19. B. Well differentiated tumor with neuroendocrine differentiation is consistent with carcinoid. Adenocarcinoma has glandular differentiation. Hodgkin lymphoma have Reed Sternberg cells and are negative for cytokeratin. Small cell carcinoma has solid nests of cells with round to oval molding nuclei and SCANT cytoplasm. Squamous cell carcinoma has squamous differentiation characterized by intercellular bridges and keratin pearls.

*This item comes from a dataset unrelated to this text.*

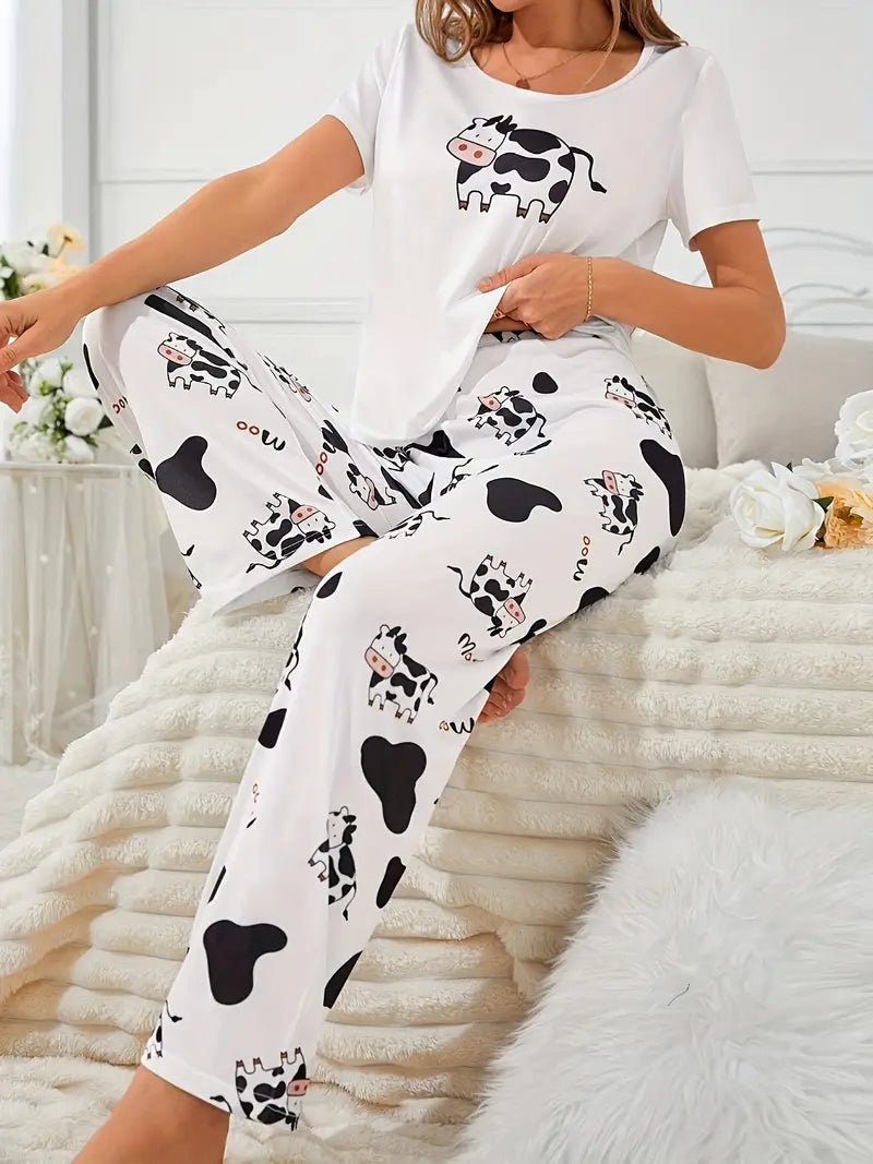 Each set features a short-sleeve, round-neck T-shirt paired with coordinating full-length pants. The fit is relaxed yet flattering, ideal for lounging at home, stepping out for errands, or enjoying a cozy evening indoors. Crafted from a breathable, skin-friendly fabric blend, these pieces feel incredibly soft against the skin while offering lightweight ease that works in all seasons.

20. C. Pleural thickening and the presence of markedly atypical cells is highly suggestive of mesothelioma, as confirmed by positive reactivity to CK5/6 and WT-1. Adenocarcinoma of lung is positive for CK7 and TTF-1. Empyema is characterized by large amount of neutrophils, but not markedly atypical cells. Primary effusion lymphoma is a B cell lymphoma that is positive for CD20, but negative for cytokeratin. Squamous cell carcinoma of lung is usually centrally located and negative for calretinin.

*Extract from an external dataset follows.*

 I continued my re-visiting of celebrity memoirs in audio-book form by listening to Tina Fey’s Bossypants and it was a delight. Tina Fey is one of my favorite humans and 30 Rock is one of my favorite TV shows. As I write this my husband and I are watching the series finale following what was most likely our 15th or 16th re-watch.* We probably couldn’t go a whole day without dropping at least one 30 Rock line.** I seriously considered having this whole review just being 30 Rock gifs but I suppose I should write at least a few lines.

21. A. The most important risk factor for mesothelioma is asbestosis exposure. Pay attention to history of shipyard working, construction, etc. EB virus is associated with nasopharyngeal carcinoma, primary effusion lymphoma, extranodal NK/T cell lymphoma, nasal type, and Burkitt lymphoma, etc, but not mesothelioma. HHV8 is associated with primary effusion lymphoma.

22. D. Pleural based spindle cell tumor with “staghorn” vessels, CD99 expression is most compatible with solitary fibrous tumor. Adenocarcinoma of lung is positive for cytokeratin and TTF-1. Mesothelioma can be sarcomatoid, but usually are positive for calretinin and WT-1. Small cell carcinoma has solid nests of cells with round to oval molding nuclei and scant cytoplasm. Squamous cell carcinoma has squamous differentiation characterized by intercellular bridges and keratin pearls. Both are commonly centrally located, and rarely pleural based.